MATERIAL FOR THE TASK: Begin

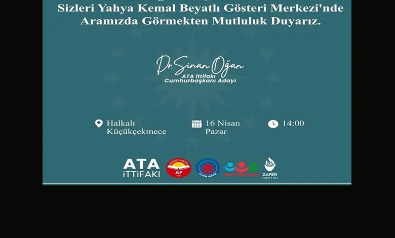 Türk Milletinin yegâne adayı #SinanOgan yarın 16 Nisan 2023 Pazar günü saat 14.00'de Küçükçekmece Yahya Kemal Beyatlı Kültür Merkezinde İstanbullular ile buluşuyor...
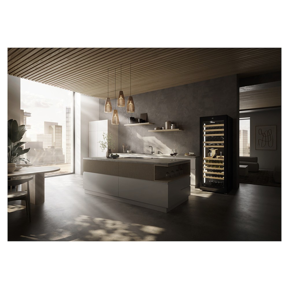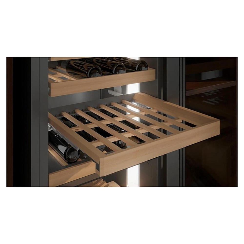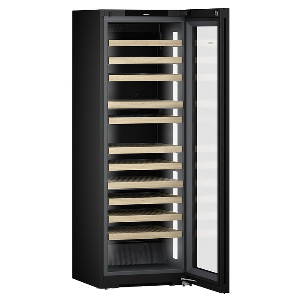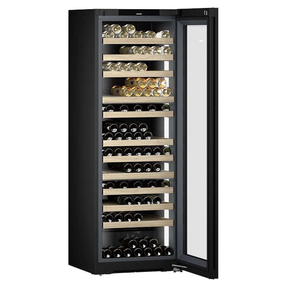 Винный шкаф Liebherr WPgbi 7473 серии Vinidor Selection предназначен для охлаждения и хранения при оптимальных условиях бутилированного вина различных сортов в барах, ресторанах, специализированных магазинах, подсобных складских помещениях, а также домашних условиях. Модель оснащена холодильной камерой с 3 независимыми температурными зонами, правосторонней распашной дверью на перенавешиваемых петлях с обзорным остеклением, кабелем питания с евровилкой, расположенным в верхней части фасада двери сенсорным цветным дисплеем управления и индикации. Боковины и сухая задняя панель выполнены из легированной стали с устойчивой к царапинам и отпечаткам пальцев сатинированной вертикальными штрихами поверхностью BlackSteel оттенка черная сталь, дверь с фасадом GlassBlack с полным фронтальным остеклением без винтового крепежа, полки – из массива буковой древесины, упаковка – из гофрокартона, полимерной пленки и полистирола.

MATERIAL FOR THE TASK: End
MATERIAL FOR THE TASK: Begin

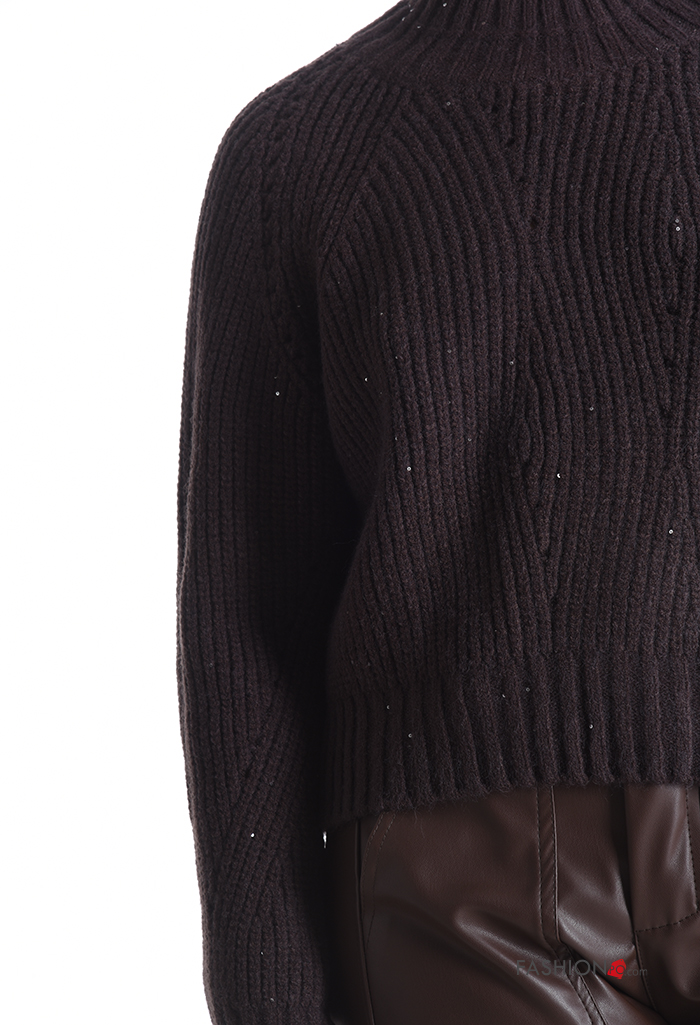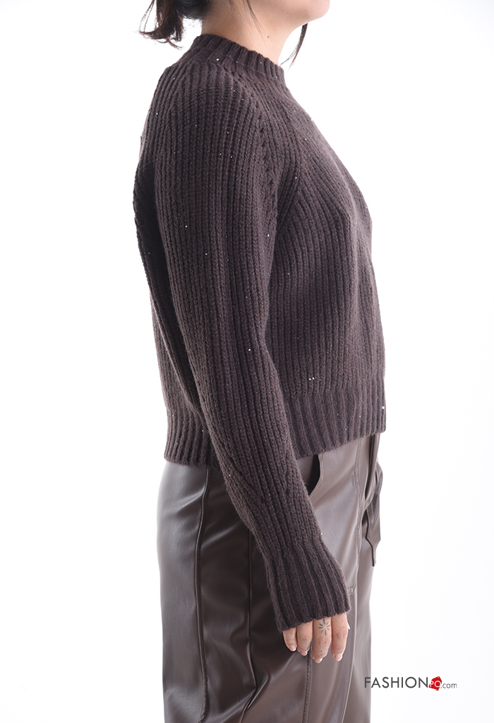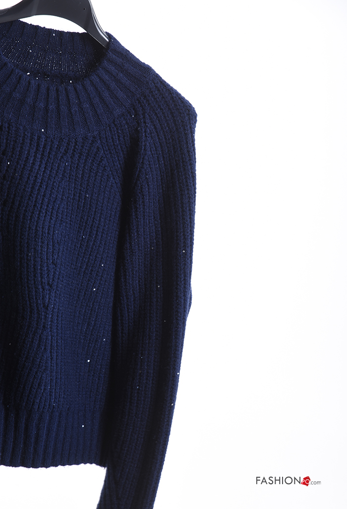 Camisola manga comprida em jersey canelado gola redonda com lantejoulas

MATERIAL FOR THE TASK: End

* _TASK TO COMPLETE_: What do the entries above read from the line containing "Türk Milletinin yegâne" through the line containing "Винный шкаф Liebherr"? Output those lines exactly, both ends included, with the pictures left out.

* _THE COMPLETED TASK_:
 Türk Milletinin yegâne adayı #SinanOgan yarın 16 Nisan 2023 Pazar günü saat 14.00'de Küçükçekmece Yahya Kemal Beyatlı Kültür Merkezinde İstanbullular ile buluşuyor...
 Винный шкаф Liebherr WPgbi 7473 серии Vinidor Selection предназначен для охлаждения и хранения при оптимальных условиях бутилированного вина различных сортов в барах, ресторанах, специализированных магазинах, подсобных складских помещениях, а также домашних условиях. Модель оснащена холодильной камерой с 3 независимыми температурными зонами, правосторонней распашной дверью на перенавешиваемых петлях с обзорным остеклением, кабелем питания с евровилкой, расположенным в верхней части фасада двери сенсорным цветным дисплеем управления и индикации. Боковины и сухая задняя панель выполнены из легированной стали с устойчивой к царапинам и отпечаткам пальцев сатинированной вертикальными штрихами поверхностью BlackSteel оттенка черная сталь, дверь с фасадом GlassBlack с полным фронтальным остеклением без винтового крепежа, полки – из массива буковой древесины, упаковка – из гофрокартона, полимерной пленки и полистирола.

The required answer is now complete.